I loved the first Amazing Spider-Man game when it came out in 2012—possibly more than it deserved. For whatever reason, I could overlook its flaws and I just got into that game hardcore. It’s still a game that I enjoy replaying from the start. Maybe my opinion was colored by my love for the movie (again, more than it deserved) because we were finally free of Sam Raimi, Toby Maguire and their irreverent, cornball take on one of my favorite comic book heroes. Maybe it was the love I could see that Beenox put into that game, the attention to detail that proved these people were real fans. Whatever it was, that movie and its corresponding game were a special one-two punch that made this longtime Spidey fanboy very happy.
My love for the first game makes the disappointing parts of its sequel all the more of a letdown, because as much as I wanted to love Amazing Spider-Man 2, it just falls short. It’s the same basic game I remember, but the added features and ideas actually change and detract from the original's beautifully elegant framework. Amazing Spider-Man 2 is not a bad game, but it is far too ambitious for its own good and its new ideas are rushed and awkwardly implemented.
Amazing Spider-Man 2 is built on the same basic framework as its predecessor. It’s an open sandbox that lets you explore a massive Manhattan hub-world, from which you can engage in story missions, random diversions and other miscellaneous activities. Once again there are hundreds of comic pages to collect, action figures to acquire and concept art to unlock. There have been a few minor structural changes: all of the collectibles are recorded for viewing at the Comic Stand, the comic shop of none other than Stan Lee who reprises his cameo from the first game.

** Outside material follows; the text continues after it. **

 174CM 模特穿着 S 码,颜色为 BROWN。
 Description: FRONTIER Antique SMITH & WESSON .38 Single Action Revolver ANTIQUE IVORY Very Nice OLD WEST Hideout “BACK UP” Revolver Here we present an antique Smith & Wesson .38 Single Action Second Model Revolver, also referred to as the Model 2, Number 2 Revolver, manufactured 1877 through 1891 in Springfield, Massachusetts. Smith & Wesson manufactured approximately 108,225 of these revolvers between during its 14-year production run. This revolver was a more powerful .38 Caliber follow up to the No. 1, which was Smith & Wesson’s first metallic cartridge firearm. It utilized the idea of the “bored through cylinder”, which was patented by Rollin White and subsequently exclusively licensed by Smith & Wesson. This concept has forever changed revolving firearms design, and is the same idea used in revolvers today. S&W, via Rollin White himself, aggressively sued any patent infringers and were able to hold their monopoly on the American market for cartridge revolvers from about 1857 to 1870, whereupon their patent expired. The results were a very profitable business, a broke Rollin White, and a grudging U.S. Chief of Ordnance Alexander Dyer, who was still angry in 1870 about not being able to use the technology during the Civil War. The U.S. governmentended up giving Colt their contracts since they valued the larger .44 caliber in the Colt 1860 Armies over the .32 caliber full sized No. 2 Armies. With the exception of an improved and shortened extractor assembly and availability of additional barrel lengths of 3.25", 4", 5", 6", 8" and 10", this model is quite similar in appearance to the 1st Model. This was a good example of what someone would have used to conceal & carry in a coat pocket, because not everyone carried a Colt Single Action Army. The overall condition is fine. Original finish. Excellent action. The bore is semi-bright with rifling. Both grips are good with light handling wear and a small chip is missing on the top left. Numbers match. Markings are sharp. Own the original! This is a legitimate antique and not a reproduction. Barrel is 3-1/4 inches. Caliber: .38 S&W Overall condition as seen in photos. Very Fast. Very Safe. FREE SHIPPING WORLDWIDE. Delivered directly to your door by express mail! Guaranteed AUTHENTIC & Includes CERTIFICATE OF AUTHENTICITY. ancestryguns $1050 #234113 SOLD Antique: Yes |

The city is still basically the same but the structure has been overhauled since the first game to facilitate the new, more realistic web-swinging mechanics. You now use both left and right triggers to control Spidey’s left and right webshooters, so you’ll ideally want to alternate to establish an even swinging rhythm. Spidey’s weblines now attach to objects in the world instead of being anchored on vague points off in the distance. To accommodate this, the game’s Manhattan has a more grid-like layout and the streets are wider. It’s definitely more realistic but you can’t swing nearly as high or fast as you could in the first game. You’ll be swinging much closer to the streets, which takes some of the boundless exhilaration out of the experience.
The web rush mechanic returns to make managing Spidey’s breakneck speed a little easier. It’s still a godsend compared to the spastic imprecision of the old Treyarch games, but somehow web rush feels more finicky and touchy than it did in the first game. You can’t upgrade it for slower time perception anymore, and quick taps of the bumper will, again, typically have you overshooting your desired target by two blocks. Maybe it’s just me but it feels like the cursor doesn’t “stick” to interactive items, perch points and collectibles as well as it did in the first game.
All told, the tradeoffs for more realistic swinging are acceptable and the added skill it takes turns the swinging experience into something more active. Rather, it’s the game’s random mission structure where things start to legitimately break. The Amazing Spider-Man 2 has many of the repeating side quests from the first game—car chase, police standoff, and citizens in distress—along with a couple new ones, including bomb disposal and burning buildings. However they aren’t doled out in batches as you progress in the story, but rather appear at random, and quickly expire after a short time.
This wouldn’t be a problem if these missions weren’t tied to the game’s asinine “hero or menace” system. Apparently Beenox thought Spider-Man needed a morality meter, and it might have worked given some more development time but, as is, the system is a mess. As you complete side quests your meter is pushed toward the hero side, which bestows stat bonuses to health, damage, and etc. If you ignore side quests and let them expire, you’ll fall into the menace side. When this happens New York will dispatch a task force to hunt you down. Apparently not solving every little crime everywhere at once makes Spidey a menace to society.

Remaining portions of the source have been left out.